If we constantly alternated between these addresses, then every single read would be a miss because of the overwrite.

On the other hand, using a 2-way associative 2 KiB cache with a block size of 1 word, we have 512 blocks.

2-way associativity implies there would be 256 sets. Hence, we would modulo the address with 256.

$$0 \% 256 = 0$$

$$4096 \% 256 = 0$$

Since this is a set of two blocks, there are only two misses (first two reads). Beyond then, the remaining reads will all be hits.

Hence, the reads can be: 0, 4096, 0, 4096, 0, 4096,...

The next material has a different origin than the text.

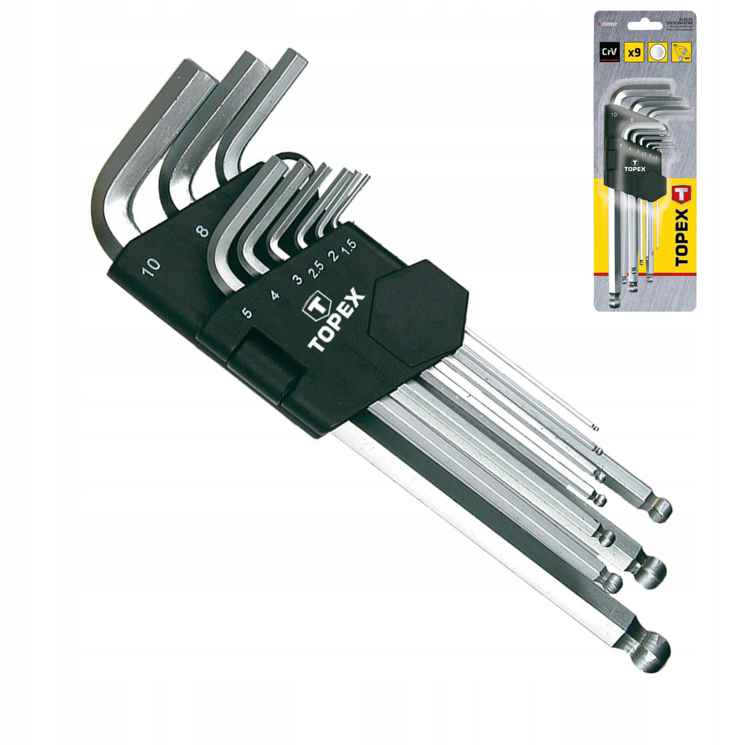 Klucze sześciokątne długie TOPEX (nr ref. 35D957) w rozmiarach 1.5 - 10 mm. Wykonane z wytrzymałej stali chromowo-wanadowej, zapewniającej długą żywotność produktu. Kuliste końcówki o kącie pracy 30° umożliwiają pracę w trudnych miejscach. Praktyczne opakowanie z tworzywa sztucznego, z oznaczoną przegródką na każdy klucz ułatwia ich przechowywanie. Marka TOPEX skierowana jest do majsterkowiczów.

An advantage is that even with a much lower capacity, the system is quite robust. It is able to handle the case of same mapping quite well because it can store addresses with the same index. Hence, there is a lower miss rate. On the other hand, there is a higher hit time with the two-way set associative cache. Not only are we no comparing to check the index, but we must look within

the set to find the correct block as well. This also requires extra hardware (such as comparators). Another disadvantage for this specific two-way associative cache may be that if read requests looked like:

 $0, 4096, 8192, 0, 4096, 8192, \dots$ 

then the miss rate would be equally bad in both cases. This is because the third read is a miss, but it also replaces the block from memory address 0 under the LRU policy. The next read request is block 0 which obviously is a miss.